Он предложил путешественникам выйти, обратившись к ним резким тоном на французском языке с эльзасским выговором:

— Не угодно ли вылезать, коспота?

Первыми повиновались две монахини — с кротостью святых дев, привыкших к послушанию. Затем показались граф с графиней, за ними — фабрикант и его жена, а потом — Луазо, подталкивавший свою половину. Спустившись, Луазо сказал офицеру, скорее из осторожности, чем из вежливости:

— Здравствуйте, сударь.

Офицер с наглостью всемогущего человека взглянул на него и ничего не ответил.

Пышка и Корнюде, хотя и сидевшие около дверцы, вышли последними, приняв перед лицом врага строгий и надменный вид. Толстуха старалась сдерживаться и быть спокойной; демократ трагически теребил свою длинную рыжеватую бороду слегка дрожащею рукой. Они стремились сохранить достоинство, понимая, что при подобных встречах каждый отчасти является представителем родной страны, и оба одинаково возмущались покладистостью своих спутников, причем Пышка старалась показать себя более гордой, чем ее соседки, порядочные женщины, а Корнюде, сознавая, что обязан подавать пример, продолжал по-прежнему всем своим видом подчеркивать ту миссию сопротивления, которую он начал с перекапывания дорог.

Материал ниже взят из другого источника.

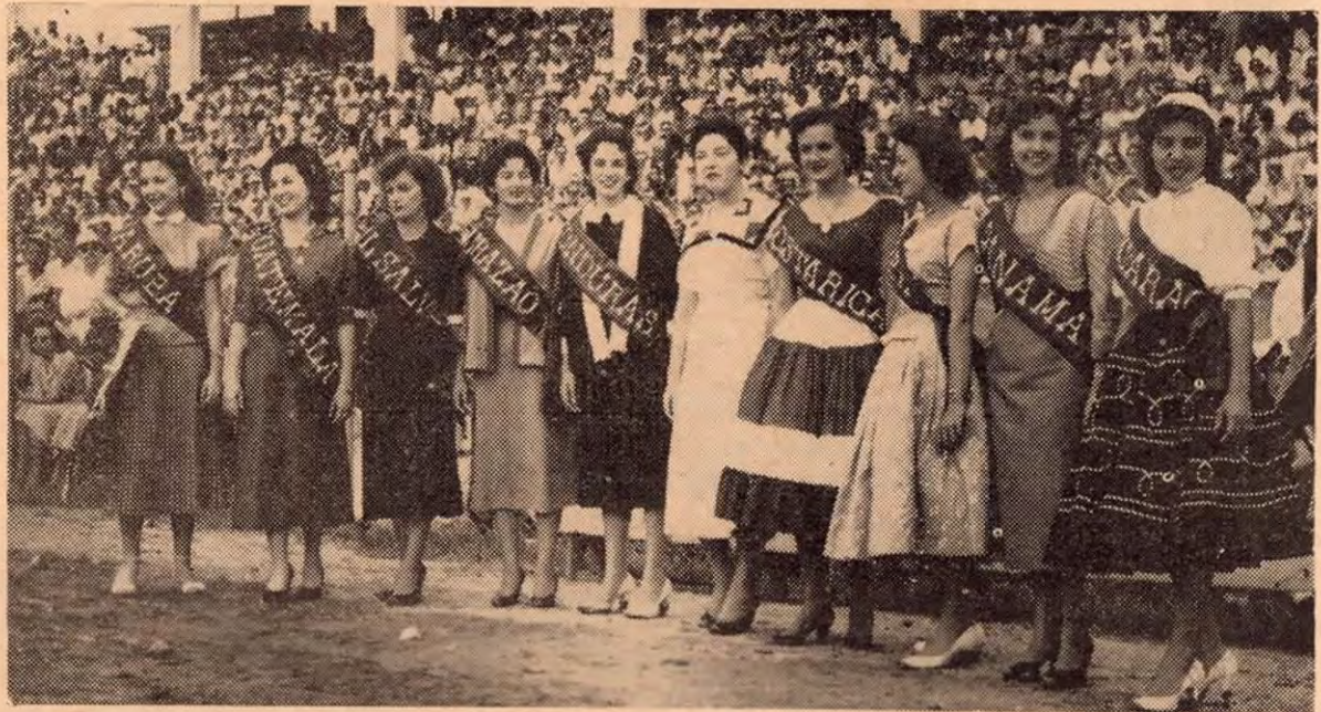
Con sumo placer traemos a nuestras páginas la belleza encantadora de las simpáticas madrinas del reciente torneo futbolístico celebrado en la hermana república de Honduras. Para damitas tan distinguidas, que tanto realce le dieran a esas justas deportivas, el saludo afectuoso de esta revista.

Все вошли в просторную кухню постоялого двора, и немец потребовал подписанное комендантом Руана разрешение на выезд, где были перечислены имена, приметы и род занятий всех путешественников; он долго разглядывал каждого из них, сличая людей с тем, что было о них написано.

Потом резко сказал: «Карашо» — и исчез.

Все перевели дух. Голод еще давал себя чувствовать; заказали ужин. На приготовление его потребовалось полчаса, и пока две служанки усердно занимались стряпней, путешественники пошли осмотреть помещение. Все комнаты были расположены вдоль длинного коридора, который упирался в стеклянную дверь с выразительным номером.

Когда, наконец, стали усаживаться за стол, появился сам хозяин постоялого двора. Это был старый лошадиный барышник, астматический толстяк, у которого в горле постоянно свистела, клокотала и певуче переливалась мокрота. Он унаследовал от отца фамилию Фоланви.

Он спросил:

— Кто здесь мадемуазель Элизабет Руссе?

Пышка вздрогнула и обернулась:

— Это я.

— Мадемуазель, прусский офицер желает немедленно переговорить с вами.

— Со мной?

— Да, раз вы и есть мадемуазель Элизабет Руссе.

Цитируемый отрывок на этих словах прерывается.